# The Griffons Are Doing Some "Night Fishing"



## Bruce Monkhouse (23 Feb 2009)

http://cnews.canoe.ca/CNEWS/War_Terror/2009/02/22/8486226-cp.html

Griffon helicopters begin hunting Taliban bomb planters at night
By Murray Brewster, THE CANADIAN PRESS

KANDAHAR, Afghanistan - Two CH-146 Griffon helicopters lifted off into the dim, grainy dusk above Kandahar Airfield one night last week and made straight for the mountains, in a new and completely unheralded chapter in the Afghan war.

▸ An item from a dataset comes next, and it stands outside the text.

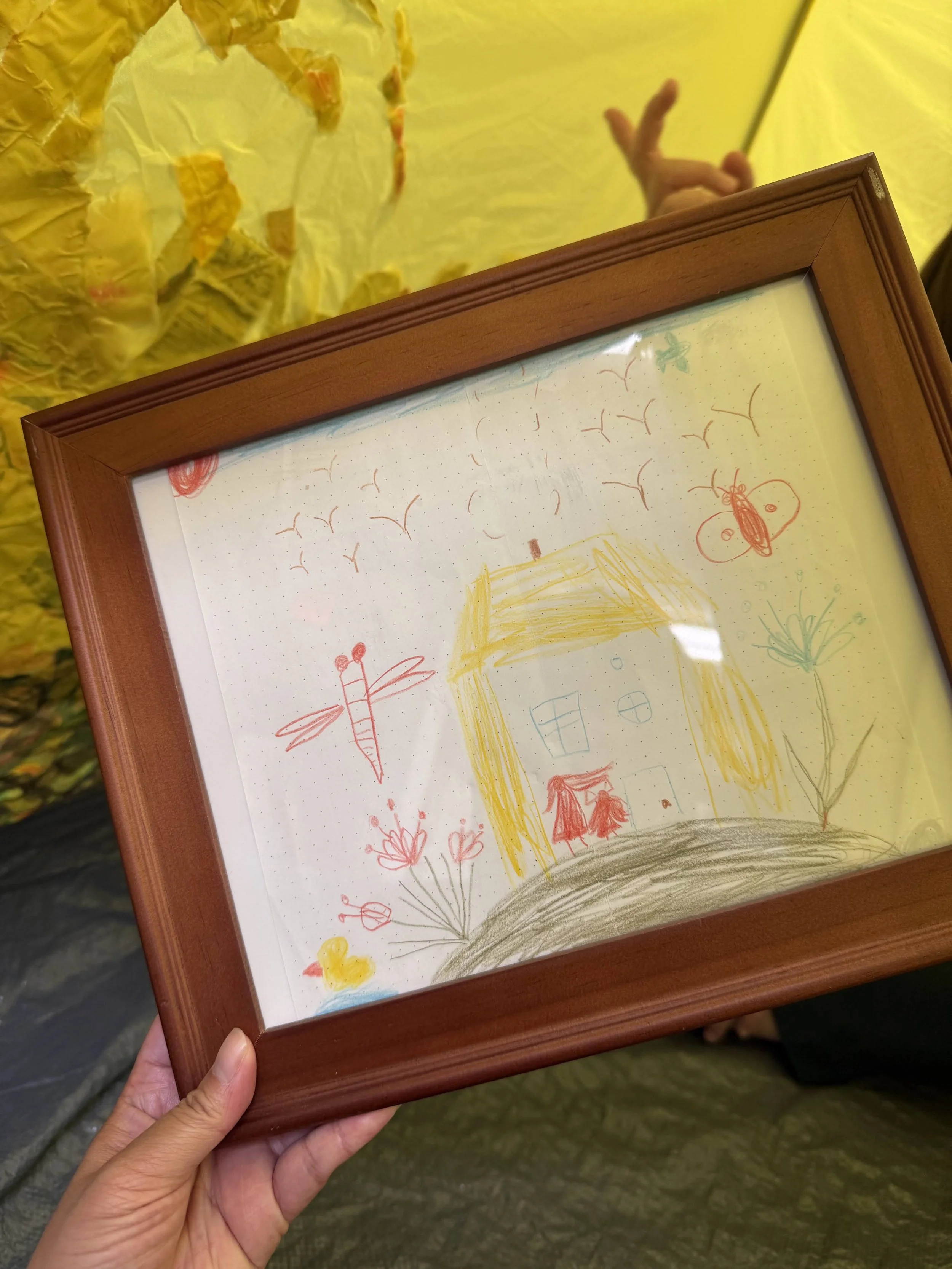 From her bag she drew a wooden frame. Inside was a drawing made by her daughter on the airplane when they left China. The child had been five, restless and not yet verbal because of special needs. Ki had packed colored pencils and paper, hoping to calm her. The drawing showed a house, flowers, the sun, an airplane, and in the corner, a yellow duck. Over the years that duck returned again and again in her daughter’s sketches. It became a small companion, a sign of presence without words. Ki touched the frame. “She could not speak then,” she said, “but she drew a lot.”

This mission and the handful of ones before it are not something the air force eagerly broadcasts in its public relations campaign, but it is perhaps one of the most important life-saving duties the new air wing carries out.
Aircraft running lights were switched off once they cleared "the wire" allowing the grey and black camouflaged Griffons to blend in with the night sky.

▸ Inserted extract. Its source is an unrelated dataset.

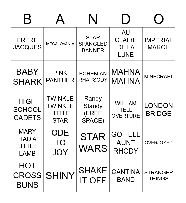This bingo card has a free space and 29 words: HOT CROSS BUNS, LIGHTLY ROW, TWINKLE TWINKLE LITTLE STAR, SWEET CAROLINE, FRERE JACQUES, STAR SPANGLED BANNER, PINK PANTHER, ODE TO JOY, WILLIAM TELL OVERTURE, SHINY, LONDON BRIDGE, STRANGER THINGS, SHAKE IT OFF, CANTINA BAND, MINECRAFT, GUARDIANS OF THE GALAXY, STAR WARS, MARY HAD A LITTLE LAMB, IMPERIAL MARCH, HIGH SCHOOL CADETS, GO TELL AUNT RHODY, STARSPLITTER FANFARE, MAHNA MAHNA, BABY SHARK, AU CLAIRE DE LA LUNE, MEGALOVANIA, OVERJOYED, BOHEMIAN RHAPSODY and EVERYTHING IS AWESOME.
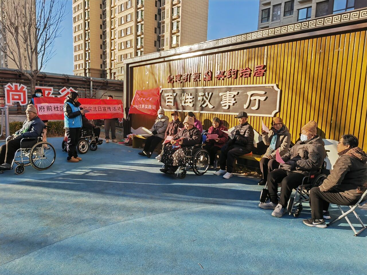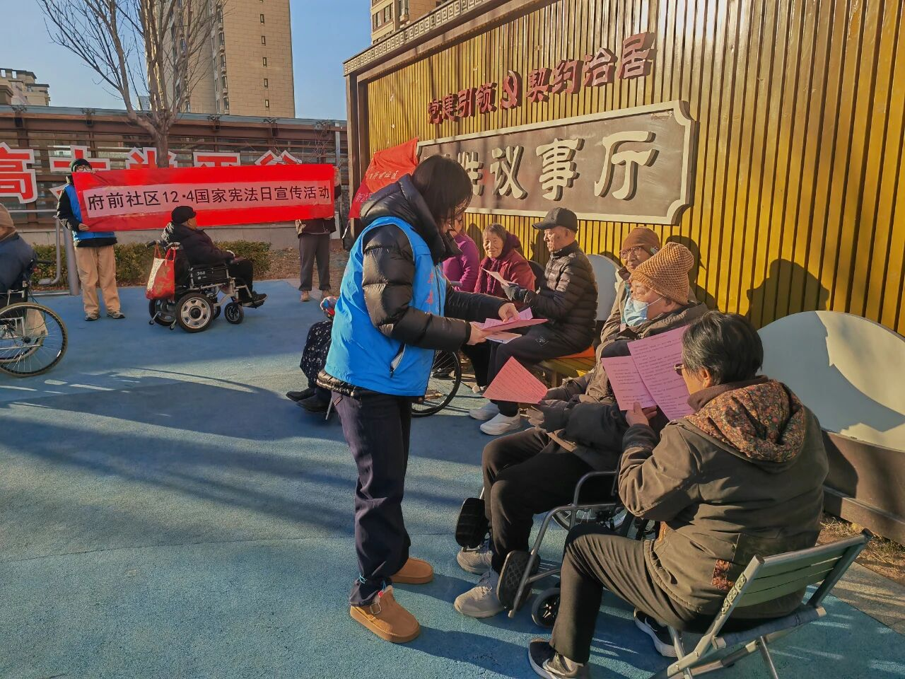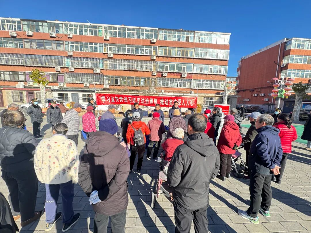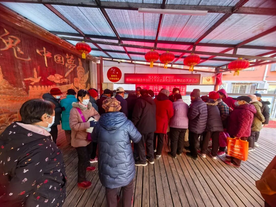 社区联合区司法局、区卫生健康监督所、共建单位平谷区法院王辛庄法庭、滨河街道综合行政执法队开展主题普法宣传,把实用法律服务送到居民身边。普法宣讲团深入社区,聚焦婚姻家庭、财产继承、劳动保障、老年人权益保护等居民高频法律问题,通过案例剖析、法条解读的方式,送上通俗易懂的普法“干货”;现场同步发放宪法读本、普法手册等宣传资料600余份,引导居民树立依法办事、遇事找法的法治思维,让法治温暖浸润千家万户。

Armed with night-vision goggles and a pod of darkness-piercing sensors, including high-definition cameras, the aircrews had set off on a deadly cat-and-mouse chase with the Taliban.
Two gunners on each aircraft leaned on their weapons through open doorways and looked down impassively as the lights of Kandahar city unfolded below them like irregular multi-coloured jewels cast on black velvet blanket.

The helicopters rose swiftly, brushed past the soaring volcanic peaks and then burst out over the desert, dropping to 152 metres, where the total blackness of the countryside enveloped them.
Although officially relegated to escort new CH-47D Chinook transport helicopters, the Griffons belonging to 408 Squadron were quietly given a new, more dangerous role soon after they deployed in December.

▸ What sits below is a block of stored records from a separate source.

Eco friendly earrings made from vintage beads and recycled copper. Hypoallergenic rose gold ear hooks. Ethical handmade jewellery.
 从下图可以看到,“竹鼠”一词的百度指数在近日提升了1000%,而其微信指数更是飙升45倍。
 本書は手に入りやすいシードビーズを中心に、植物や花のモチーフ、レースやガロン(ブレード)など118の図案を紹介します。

Their orders were to hunt insurgents who lace the roadways with home-made bombs, missions that depend on the murky world of classified intelligence.
Roadside bombs,have over the last three years exacted the single most deadly toll on Canadian soldiers, accounting for half of the 108 deaths.
That the Griffon could be useful in reducing the carnage has long been recognized in air force circles.

"Two kilometres to the road," Capt. Ben Massicotte, the commander of the second Griffon, declared over the intercom. "Keep your eyes open."
A tense silence followed.
The location of the road on this mission was classified, but was clearly one that NATO troops often used.

Twin cone-shaped lights of a pickup truck punctured the darkness and Capt. Greg Cowan, the flying officer, swung the chopper around to creep up behind the slow moving vehicle.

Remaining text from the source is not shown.